Metformin is the most commonly prescribed oral anti-diabetic agent worldwide. Surprisingly, about 35% of diabetic patients either lack or have a delayed response to metformin treatment, and many patients become less responsive to metformin over time. It remains unknown how metformin resistance or insensitivity occurs. Recently, we found that therapeutic metformin concentrations suppressed glucose production in primary hepatocytes through AMPK; activation of the cAMP-PKA pathway negatively regulates AMPK activity by phosphorylating AMPKα subunit at Ser-485, which in turn reduces AMPK activity. In this study, we find that metformin failed to suppress glucose production in primary hepatocytes with constitutively activated PKA and did not improve hyperglycemia in mice with hyperglucagonemia.

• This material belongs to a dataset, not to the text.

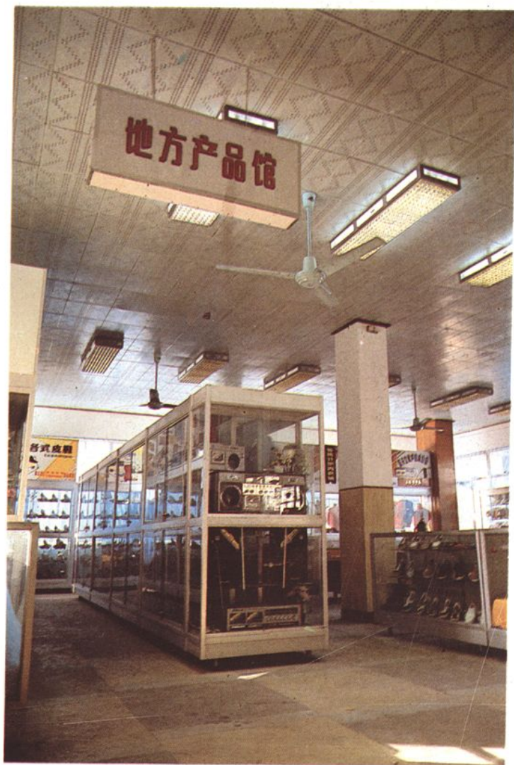
县百货公司批发大厅内地方产品批发商场
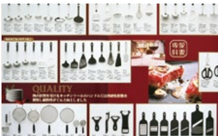
1994 年 キッチンツール「愛妻専科」「台所育児」発表

Expression of the AMPKα1(S485A) mutant, which is unable to be phosphorylated by PKA, increased both AMPKα activation and the suppression of glucose production in primary hepatocytes treated with metformin. Intriguingly, salicylate/aspirin prevents the phosphorylation of AMPKα at Ser-485, blocks cAMP-PKA negative regulation of AMPK, and improves metformin resistance. We propose that aspirin/salicylate may augment metformin's hepatic action to suppress glucose production.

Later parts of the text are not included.